No one? If this is better off in the general section, can a mod move it, please? Thanks!


----------



## flyingduster (Sep 6, 2009)

I guess no one replied cos I'm not sure how to answer... You saw a poodle with a bad coat, and are asking if it's what is being bred for now? No. Bad coats aren't being bred for by responsible breeders. The long loose silky curls is, like you pointed out, more like a cockapoo, and are not considered a good poodle coat. BUT in saying that, just because an individual has a bad coat doesn't automatically mean that poodle is 'badly' bred either (is that what you're asking? lol!) Nor does a great coat indicate excellent breeding either...! There is so much more to good and bad breeding that the coat is just the icing on the cake... 

In saying that, yes badly bred poodles are inclined to having bad coats, as they aren't being bred selectively and carefully to retain the many aspects of a good poodle.

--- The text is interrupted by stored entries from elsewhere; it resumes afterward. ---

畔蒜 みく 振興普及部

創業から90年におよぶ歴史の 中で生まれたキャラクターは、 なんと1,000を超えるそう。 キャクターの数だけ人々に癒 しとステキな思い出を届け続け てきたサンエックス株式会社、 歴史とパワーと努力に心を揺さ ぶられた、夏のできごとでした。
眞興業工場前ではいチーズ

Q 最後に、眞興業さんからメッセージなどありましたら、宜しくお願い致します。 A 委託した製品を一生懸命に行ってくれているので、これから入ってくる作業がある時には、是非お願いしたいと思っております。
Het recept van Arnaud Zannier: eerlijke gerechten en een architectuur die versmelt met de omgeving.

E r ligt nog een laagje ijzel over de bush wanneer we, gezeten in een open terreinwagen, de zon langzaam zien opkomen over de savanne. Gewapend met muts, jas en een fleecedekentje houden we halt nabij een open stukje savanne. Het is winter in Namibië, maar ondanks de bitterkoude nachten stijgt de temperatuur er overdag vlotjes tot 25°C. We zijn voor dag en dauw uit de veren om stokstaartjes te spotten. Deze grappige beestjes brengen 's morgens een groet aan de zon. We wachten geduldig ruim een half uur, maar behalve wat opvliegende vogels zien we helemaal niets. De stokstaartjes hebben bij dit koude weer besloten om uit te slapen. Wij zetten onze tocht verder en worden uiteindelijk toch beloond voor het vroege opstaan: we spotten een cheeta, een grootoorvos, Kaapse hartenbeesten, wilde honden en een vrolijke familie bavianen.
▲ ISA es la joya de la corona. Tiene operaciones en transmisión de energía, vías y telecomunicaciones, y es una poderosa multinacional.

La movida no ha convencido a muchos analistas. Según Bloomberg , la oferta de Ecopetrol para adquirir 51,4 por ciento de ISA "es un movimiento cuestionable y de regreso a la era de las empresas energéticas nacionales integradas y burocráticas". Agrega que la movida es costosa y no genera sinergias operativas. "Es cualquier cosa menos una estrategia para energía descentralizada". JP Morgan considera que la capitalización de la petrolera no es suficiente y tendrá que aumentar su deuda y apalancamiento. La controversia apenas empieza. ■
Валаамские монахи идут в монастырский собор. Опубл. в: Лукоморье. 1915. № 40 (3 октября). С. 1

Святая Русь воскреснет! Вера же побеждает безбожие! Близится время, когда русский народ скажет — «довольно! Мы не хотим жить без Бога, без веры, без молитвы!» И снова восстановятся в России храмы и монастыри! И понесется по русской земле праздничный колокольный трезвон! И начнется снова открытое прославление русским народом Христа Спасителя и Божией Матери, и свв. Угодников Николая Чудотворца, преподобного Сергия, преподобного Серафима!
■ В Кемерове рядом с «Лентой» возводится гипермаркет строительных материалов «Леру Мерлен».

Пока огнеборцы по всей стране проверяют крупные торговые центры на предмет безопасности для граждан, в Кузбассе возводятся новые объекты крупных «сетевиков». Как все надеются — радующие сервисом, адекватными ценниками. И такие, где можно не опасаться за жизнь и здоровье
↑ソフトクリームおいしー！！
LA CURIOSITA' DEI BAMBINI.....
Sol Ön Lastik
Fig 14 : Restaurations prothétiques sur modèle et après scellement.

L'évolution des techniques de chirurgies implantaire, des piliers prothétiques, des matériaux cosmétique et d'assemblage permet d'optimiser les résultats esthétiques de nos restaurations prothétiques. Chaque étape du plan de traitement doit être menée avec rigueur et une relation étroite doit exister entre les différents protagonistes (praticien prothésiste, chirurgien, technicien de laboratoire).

I still don't know if I've answered your questions though! lol.


----------



## Winterlily (Oct 13, 2010)

Hm... sorry for being unclear! I've seen more than a few with those silky type coats and just wondered if there was now sort of a subset of non-show breeders going for that coat on purpose (sort of like there's a subset of German Shepherd breeders breeding for something disallowed in the standard like a long coat or a white coat etc etc), or if it only meant, as your answer seems to imply, simply not-great breeding OR just, as simple as it gets: a not-great coat meaning nothing but a not-great coat. <lol>

Sorry for the convoluted question. As I begin my quest looking for dog, I wanted to know what, if anything!, it meant when I see dogs with that coat.

Thank you!


----------



## flyingduster (Sep 6, 2009)

It might also help if you are seeing toy poodles a lot vs minis or standards? Even MANY well bred toys seem to have floppy soft silky coats.

It [shouldn't] be being bred for purposely at all, it is NOT a correct poodle coat to be soft and floppy. But in saying that with soooo many toy poodles with crappy coats, it is perhaps more difficult to breed a correct coat into them more when there is less available... But then I personally think half of that is the whole point of breeding up to better dogs, but ahh well!

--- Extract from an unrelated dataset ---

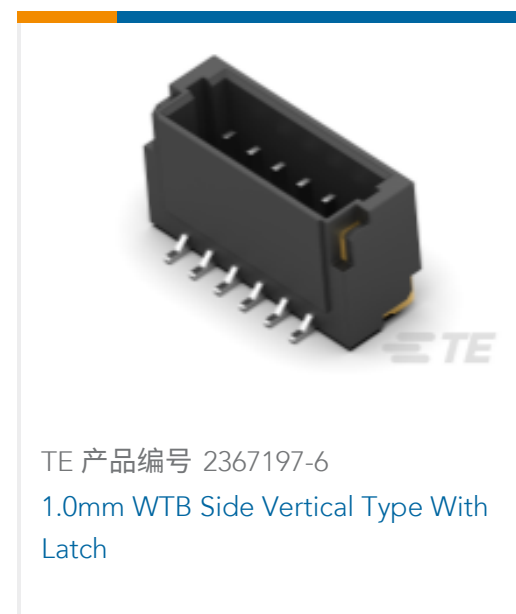
TE 产品编号 2367197-6 1.0mm WTB Side Vertical Type With Latch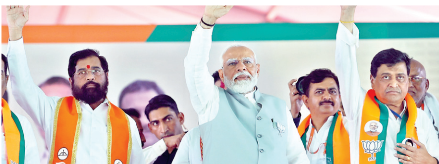
सभी मतदाताओं का धन्यवाद, सभी हिस्सा लें

एजेंसी। मुंबई/ तिरुवनंतपुरम प्रधानमंत्री नरेंद्र मोदी ने शनिवार को को महाराष्ट्र में एक रैली में इंडी गठबंधन पर जोरदार निशाना साधा। उन्होंने कहा कि इंडिया गठबंधन के सभी नेता अपना भ्रष्टाचार छुपाने के लिए एक साथ आए हैं, लेकिन पहले चरण के चुनाव में मतदाताओं ने इन्हें पूरी तरह से रिजेक्ट कर दिया। नरेंद्र मोदी ने कोजिपी उम्मीदवार के पक्ष में चुनावी रैली में प्रधानमंत्री नरेंद्र मोदी ने कहा, देश की 25 फीसद सीटों पर इंडिया गठबंधन के नेता एक-दूसरे के खिलाफ ही चुनाव लड़ रहे हैं। क्या देश की जनता किसी ऐसे पर भरोसा कर सकती है, जो अपने अगुवा पर ही भरोसा नहीं करते हों? अगर अपने ही मोर्चे में एक दूसरे को जेल में डालने की बात करने वाले लोग चुने जाते हैं, तो ये

So, no it shouldn't be being done [by decent breeders] on purpose to have crap coats, but it's also obviously not being bred away from in your area (or by toys in general) if you are seeing a lot of it.

A floppy soft coat isn't correct and never will be for a poodle, but we can still love our floppy-haired poodles none-the-less!


----------



## Winterlily (Oct 13, 2010)

Thanks. See, if I ask the question more clearly it makes it easier to answer. First rule of forum posting. 

Yes, the dogs I've seen with those silky loose-curls type coats have primarily been toys - though I recently saw 2 (sibling) minis as well. But honestly, for whatever reason, I don't get to see a lot of minis or standards around here - even my clients' dogs (when I even get a call for a poodle - rarely!) are usually toys.

Okay - good to know that if I fall in love with a toy with a coat like that, doesn't necessarily mean bad breeding. Thank you so much!


----------